Они были чрезвычайно озадачены; Лэрд склонялся к мысли, что где-то существует другая мадам Свенгали, настоящая, а Трильби просто подставное лицо — она невольная обманщица и, сама того не понимая, вводит в заблуждение других и заблуждается сама.
В ее глазах, как всегда, отражалась неподдельная искренность, правдой дышали все черты ее лица. Только правду, одну лишь правду мог произносить этот бархатный голос, который звучал так же безыскусственно, как голос дрозда или соловья, каким бы возмутительным ни показалось теперь это сравнение тем, кто проповедует искусственную методу постановки голоса с выдуманными законами и ограничениями. Благодаря длительным упражнениям и тренировке голос Трильби стал «чудом вселенной, сплошной усладой для слуха». Пусть даже ей больше не дано было петь, сама ее речь звучала как музыка; золотом были ее слова, а не молчание, что бы она ни произносила.
Очевидно, у нее был лишь один пункт помешательства — относительно ее пения. Во всем же остальном Трильби была совершенно нормальной — так по крайней мере считали Таффи, Лэрд и Маленький Билли. И каждый про себя находил, что в этом последнем своем перевоплощении Трильби еще пленительнее, трогательнее и дороже для них, чем была.
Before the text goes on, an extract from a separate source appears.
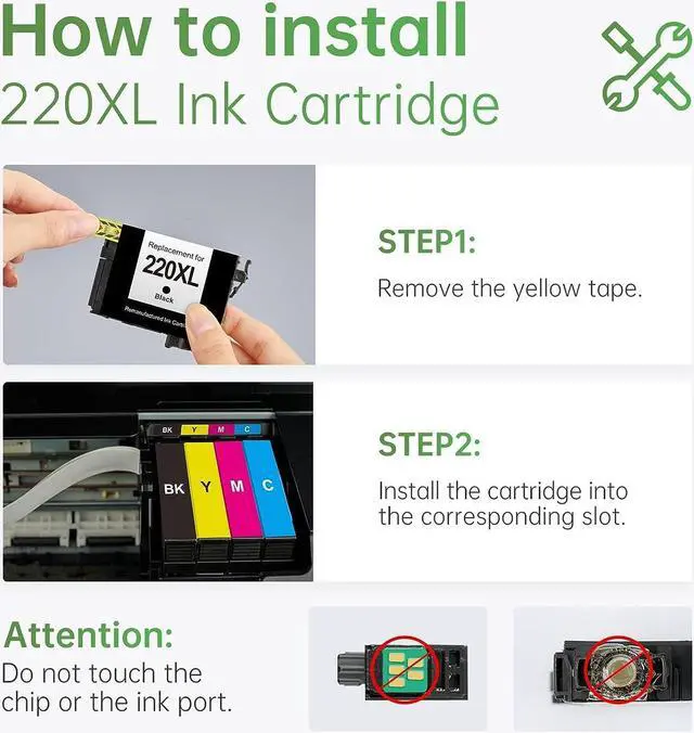 Package included: Replacement for Epson 220 220xl remanufactured ink cartrrdges 4 Pack (1 Black, 1 Cyan, 1 Magenta, 1 Yellow)

Когда она предстала перед ними без румян и жемчужной пудры, они не преминули заметить, как сильно она постарела за эти годы; на вид ей было по меньшей мере лет тридцать, хотя на самом деле ей было всего двадцать три.
Руки ее стали бледными, восковыми, почти прозрачными; тонкие, сухие морщинки залегли вокруг глаз; седые пряди проглядывали в ее светлых волосах; тело утратило былую силу, гибкость, легкость движений. Казалось, она лишилась их вместе с памятью об огромном своем успехе (если она действитёльно была Лa Свенгали) и о триумфальном шествии по Европе. Было совершенно очевидно, что под влиянием внезапного несчастья она утратила способность петь и стала физически почти калекой.
Но она была одним из тех редкоодаренных созданий, чьи речи, взгляды, движения всегда вызывают глубоко заложенное в сердце каждого из нас смутное влечение к красоте, душевной чистоте и притягательной силе, — короче говоря, к тому человеческому обаянию, которым в высшей степени обладала Трильби и которое она, несмотря на потерю жизнерадостности, цветущего здоровья, энергии и даже рассудка, сумела полностью сохранить.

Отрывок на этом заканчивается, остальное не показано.